* The task
Begin at the line containing "على زنة عبيد." and restate it and each line after it exactly, up to and including the last line below. Leave pictures out.

* Given information
______

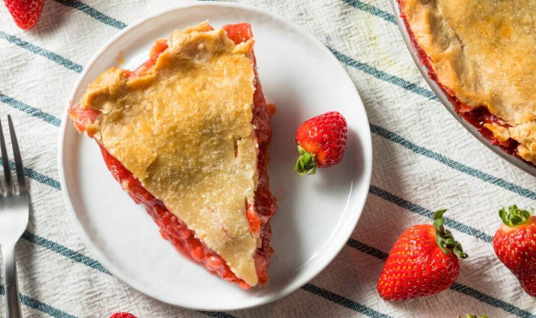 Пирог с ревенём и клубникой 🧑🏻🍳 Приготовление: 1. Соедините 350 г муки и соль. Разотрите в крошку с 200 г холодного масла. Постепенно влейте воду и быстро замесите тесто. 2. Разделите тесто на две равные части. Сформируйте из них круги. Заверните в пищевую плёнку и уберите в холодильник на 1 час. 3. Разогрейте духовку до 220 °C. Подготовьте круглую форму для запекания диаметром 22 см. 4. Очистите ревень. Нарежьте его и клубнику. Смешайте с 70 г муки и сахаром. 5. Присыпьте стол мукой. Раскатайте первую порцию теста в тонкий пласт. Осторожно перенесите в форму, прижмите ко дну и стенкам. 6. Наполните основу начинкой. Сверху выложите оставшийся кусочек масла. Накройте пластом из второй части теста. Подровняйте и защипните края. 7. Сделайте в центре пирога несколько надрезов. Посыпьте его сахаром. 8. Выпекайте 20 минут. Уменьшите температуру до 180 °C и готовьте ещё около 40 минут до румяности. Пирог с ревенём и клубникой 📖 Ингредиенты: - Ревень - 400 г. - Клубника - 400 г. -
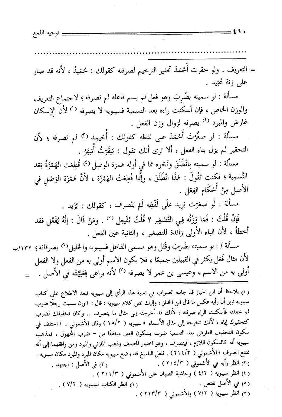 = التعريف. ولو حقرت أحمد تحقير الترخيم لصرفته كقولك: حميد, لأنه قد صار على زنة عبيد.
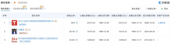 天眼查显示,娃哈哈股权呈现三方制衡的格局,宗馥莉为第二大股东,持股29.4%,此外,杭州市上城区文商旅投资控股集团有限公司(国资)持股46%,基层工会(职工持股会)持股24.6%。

______

* Answer
 = التعريف. ولو حقرت أحمد تحقير الترخيم لصرفته كقولك: حميد, لأنه قد صار على زنة عبيد.
 天眼查显示,娃哈哈股权呈现三方制衡的格局,宗馥莉为第二大股东,持股29.4%,此外,杭州市上城区文商旅投资控股集团有限公司(国资)持股46%,基层工会(职工持股会)持股24.6%。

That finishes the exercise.